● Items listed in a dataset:
_ _ _

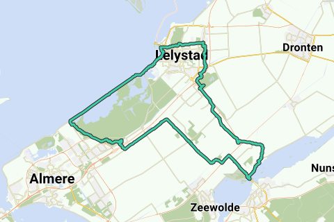 Point de départ et d'arrivée de l'itinéraire : Oostvaardersbosplaats, 1335XL Almere. Difficulté générale de cet itinéraire : 47/100. L'itinéraire passe entre autres par les points d'intérêt suivants : Gasterij De Oostvaarders (randonneurs bienvenus - gastronomie), Gemaal Wortman (station de pompage), Musée national de l'espace, Hoge Knarsluis.
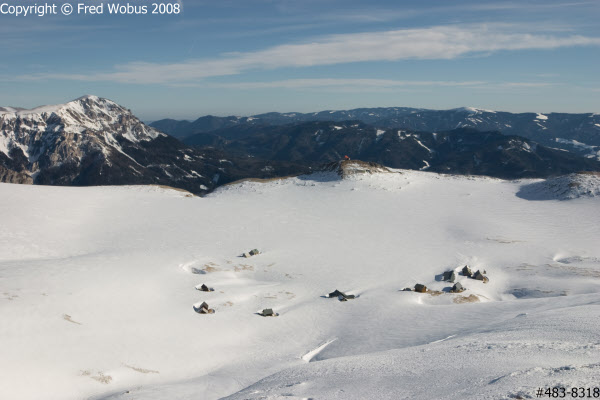 View of Michelbauer Hut, Schneealpe Hut and Heukuppe summit from the Windberg (1903m), Lower Austria
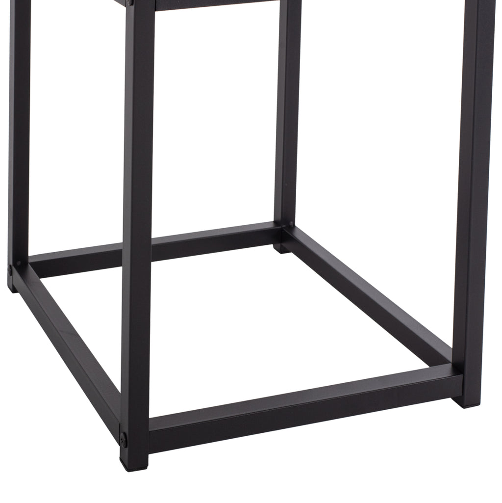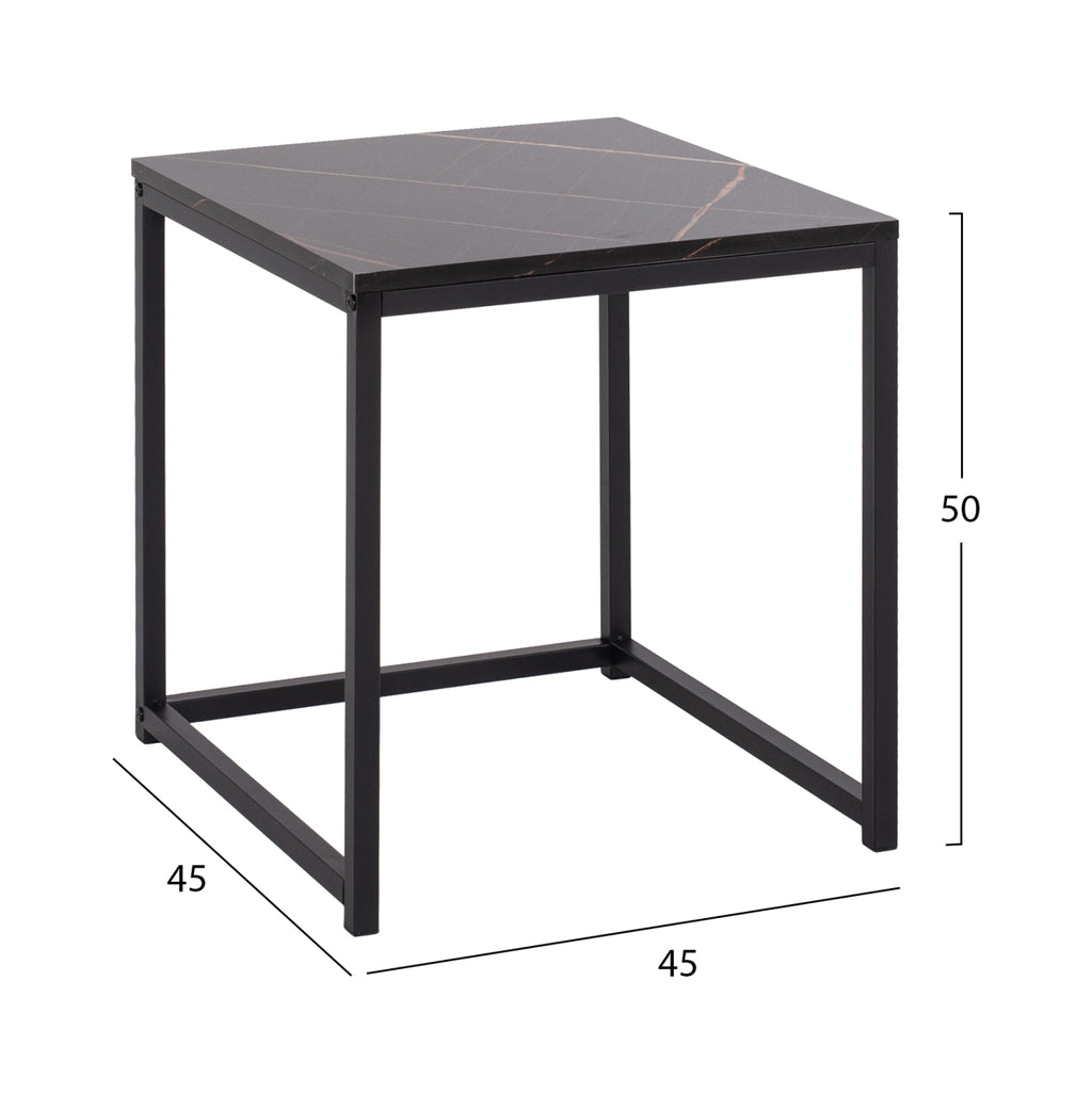 Холни маси ΜΜ8762.13----- Холните маси GRELAY ще ви зарадват със своя стил и практичност. Можете да създадете оригинални декоративни композиции, давайки нов живот на вашето пространство с този комплект. Това са 2 квадратни маси, една по-висока и една по-къса, която се съхранява под високата. Краката в стил база са метални в черно, а повърхностите им са имитация на черен мрамор от MDF. РАЗМЕРИ: Височина: 45x45x50H см. Къс: 37x37x43H см. Размери на метала: 20х20мм Дебелина на МДФ: 15мм МАТЕРИАЛИ НА ИЗРАБОТКА: Повърхностите на масите са изработени от висококачествен МДФ с меламиново покритие. МДФ (влакна със средна плътност) е модерен потребителски материал, който много често се избира за интериорни мебели. Основните му характеристики са, че абсорбира минимална влага, има хомогенност в масата си, задоволителни механични свойства, отлична гладкост и много възможности за обработка. Краката и основите на масите са изработени от метал с черна електростатична боя. Електростатичното боядисване е процес на сухо покритие, използван като метално покритие. Електростатичното боядисване е нанасяне на сух прах чрез електростатичен процес, който след това се „свързва“ към метала чрез топлина. ПОДДРЪЖКА: Както повърхността, така и краката се почистват лесно с влажна кърпа. ПРЕДИМСТВА: •Здрава конструкция •Качествени материали и методи на изработка •Естетически красиви маси •Практични за използване •Не заемат много място, тъй като едната влиза под другата •Имат защитна пластмаса на краката за защита на пода
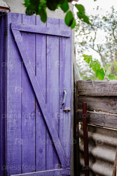 Рустическая фиолетовая деревянная дверь с выветрившимися досками и металлическим замком в садовой обстановке
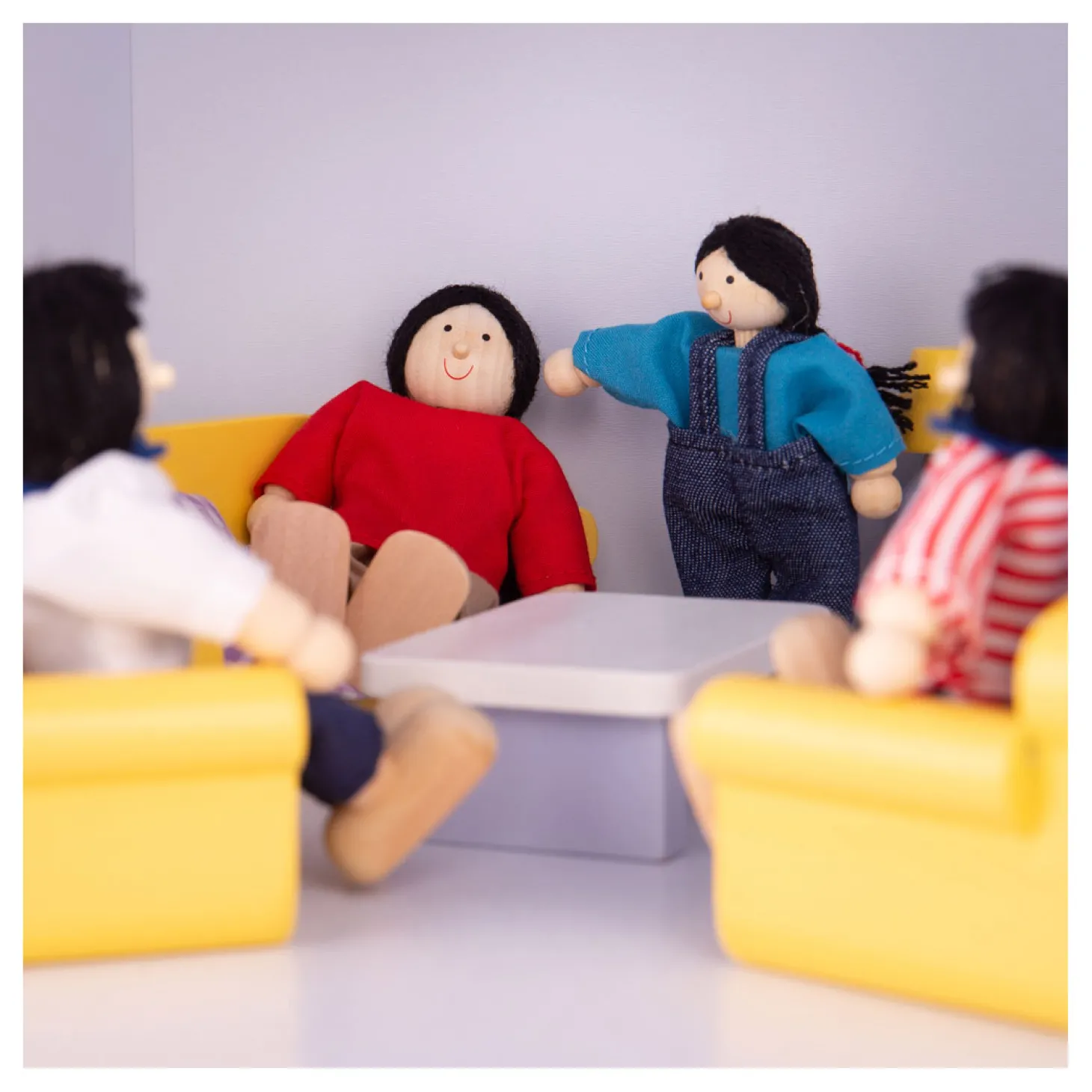– Bestaat uit: poppenbankstel, poppenfauteuils, tv-meubel met tv en lamp, poppensalontafel.
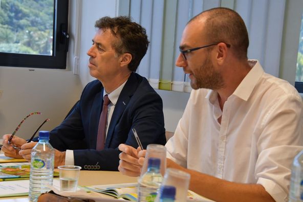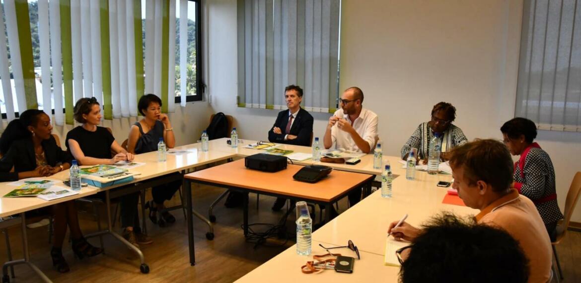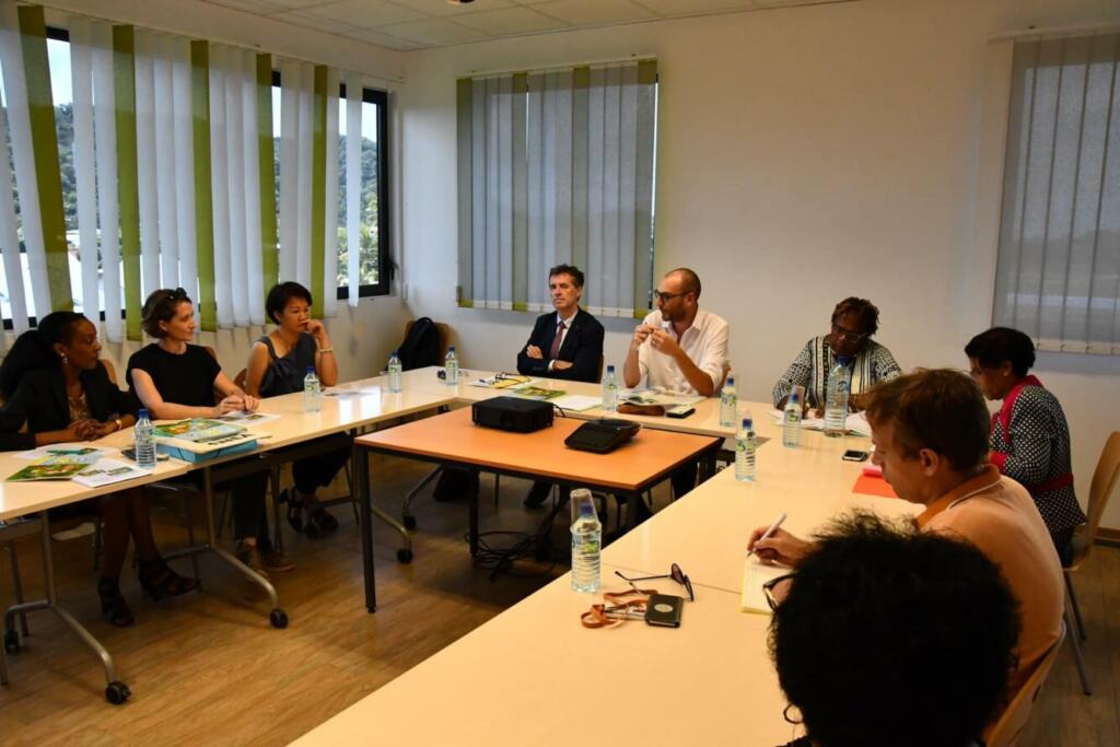 À quelques semaines de la parution officielle du manuel de géographie de Guyane à destination des élèves de classes de CM1 et CM2, Philippe Bouba, 5ème vice-président délégué à l’enseignement supérieur et à la recherche et Philippe Dulbecco, recteur de la région académique de Guyane, rencontraient les auteures, Audrey Chambaud-Régnier et Emily Sollet Markour, accompagnées de Suzie Lan, directrice de la maison d’édition Plume Verte, ce mardi 23 mai 2023.
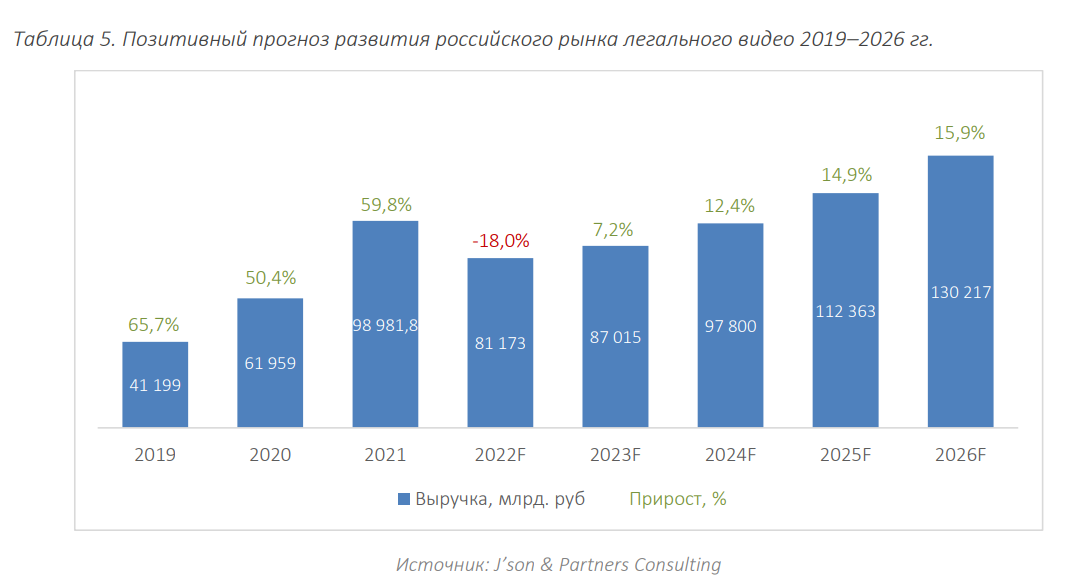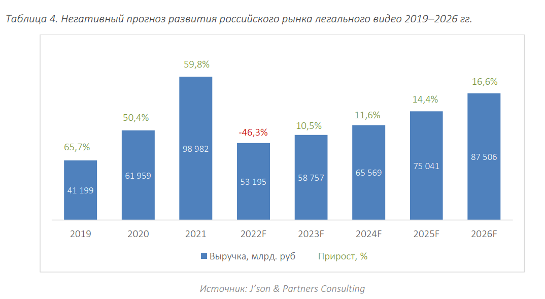По итогам 2022 года рынок может упасть на 46,3%. Выручка онлайн-видеосервисов составит 53,2 млрд.
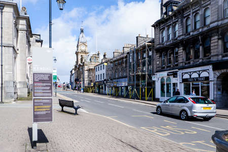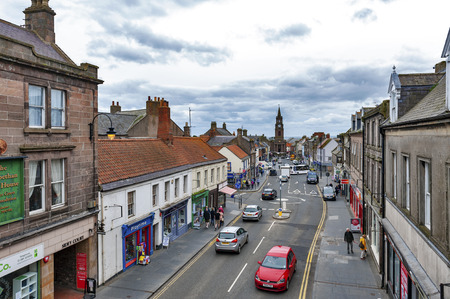 Berwick-upon-Tweed, England - April 2018: High Street in town center of Berwick-upon-Tweed, northernmost town in Northumberland at the mouth of River Tweed in England, UK
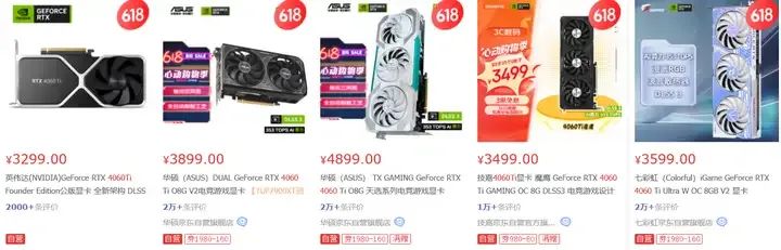 该显卡就是RX6750XT 12G的一个小换皮,不能说一模一样,只能说毫无差别,其性能对标英伟达2K分辨率的显卡RTX4060TI,来看看4060TI价格:

_ _ _

● TASK PROMPT: Copy the records above exactly, from the first line through the line containing "View of Michelbauer", and leave out the pictures.

● WRITTEN REPLY:
 Point de départ et d'arrivée de l'itinéraire : Oostvaardersbosplaats, 1335XL Almere. Difficulté générale de cet itinéraire : 47/100. L'itinéraire passe entre autres par les points d'intérêt suivants : Gasterij De Oostvaarders (randonneurs bienvenus - gastronomie), Gemaal Wortman (station de pompage), Musée national de l'espace, Hoge Knarsluis.
 View of Michelbauer Hut, Schneealpe Hut and Heukuppe summit from the Windberg (1903m), Lower Austria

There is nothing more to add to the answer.